Copy nothing but the lines below, from the one with "(10)威德歡悦母(降魔世間自在母) Tārā Dispelling" through the one with "Es lebe das", exactly as written; no pictures should appear.

● Material for this task:
☆ ☆ ☆ ☆ ☆

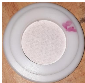
Filtre de particules PM10 prélevé le mercredi 21/04/21

Madininair a lancé des prélèvements de particules PM10 sur filtre. Ces prélèvements permettent notamment de visualiser la couleur des poussières de 10µm de diamètre prélevées et ainsi de qualifier visuellement les sources potentielles. On peut observer que les filtres ne montre aucune influence particulière de cendres (couleur gris/noir).
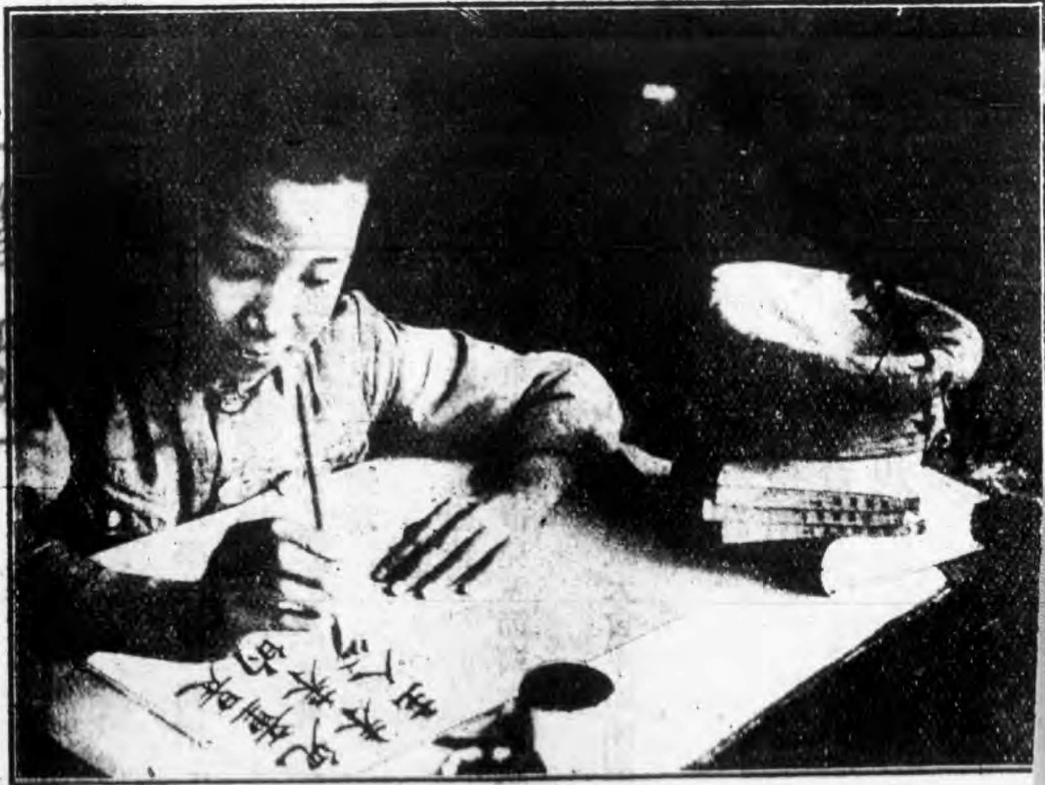
兒 童 節 試 筆
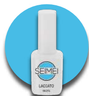
VIESTE Cod. 01-166
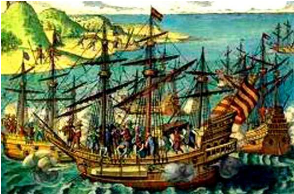
Una pintura de la época con carabelas que ondean la bandera catalana
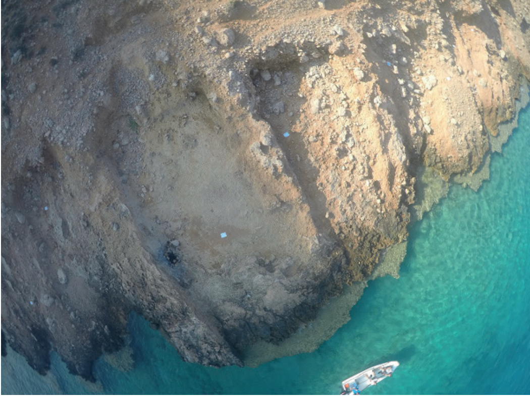
Resim 3a) Dana Adası tersanesine ait çekek yerlerine örnekler
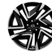
19" АЛУМИНИЕВИ ДЖАНТИ
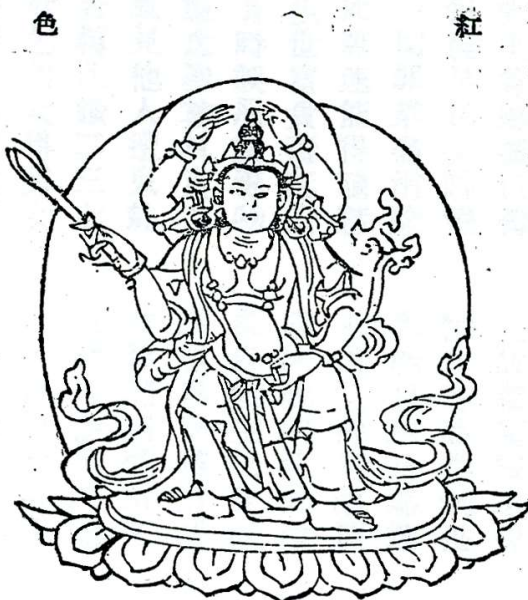
(10)威德歡悦母(降魔世間自在母) Tārā Dispelling All Sorrow 降魔
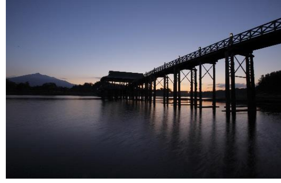
鶴の舞橋（イメージ）
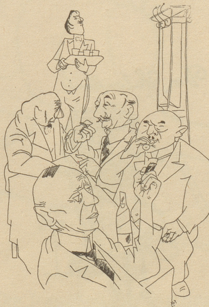
Bei der Abstimmung über das Kriegsächtungsgesetz im nordwürttembergisch-badischen Landtag bekundeten nur 46 von 100 Abgeordneten durch Anwesenheit ihr Interesse.

Es lebe das Velo der guten alten Tradition! V. O. C.
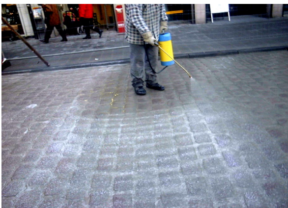
3. Fläche mit RS einsprühen

☆ ☆ ☆ ☆ ☆

● Response box:
(10)威德歡悦母(降魔世間自在母) Tārā Dispelling All Sorrow 降魔
鶴の舞橋（イメージ）
Bei der Abstimmung über das Kriegsächtungsgesetz im nordwürttembergisch-badischen Landtag bekundeten nur 46 von 100 Abgeordneten durch Anwesenheit ihr Interesse.

Es lebe das Velo der guten alten Tradition! V. O. C.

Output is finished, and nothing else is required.